Archive for 2009

Hey, Boys and Girls, It's Wednesday One-Liner Time!

30-something blonde in office attire on cell: You need to tell Vanessa that she can't be on the show because she's not overweight enough, and s not unattractive enough.

–Whole Foods Market, Chelsea

Syracuse University girl, going up escalator: I feel like I'm in Star Trek! (begins humming Indiana Jones theme)

–Penn Station

Overheard by: Mickey

20-something gaysian: Yeah, he watches Hannah Montana so I don't get why he makes fun of me for watching iCarly!

–Washington Square Park

Teen: I watched I Love Lucy last night. She's funny; she's like the Jim Carrey of the 1920s or something.

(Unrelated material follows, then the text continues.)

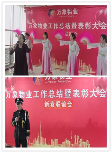 歌伴舞《紅梅贊》、服裝秀《穿越》,還有風(fēng)格迥然不同的歌曲和表演形式,如《笨小孩》、《太湖美》、三句半《物業(yè)人賀新年》、詩朗誦《我是物業(yè)人》等節(jié)目都將我們的新春聯(lián)誼會推向了一波又一波高潮,特別是公秩大哥帶來的曲劇《李豁子做夢》更是幽默風(fēng)趣,引得大家捧腹大笑。

–UA School of Music and Art

20-something preppy kid to mother: You know, they really should have a reality show about Midtown.

–54th St b/w 1st & 2nd Ave

Overheard by: Pedro

Number Four: Mom Jeans?? Really?

Woman, staring at the train subway map: Excuse me, how do you get to the 1 train?
Large black guy: Number one, you get an education.
Woman: No no, how do you get to the 1 train?
Large black guy: Number one, you get an education. Number two, you look at the map. Number three, don't talk to strangers.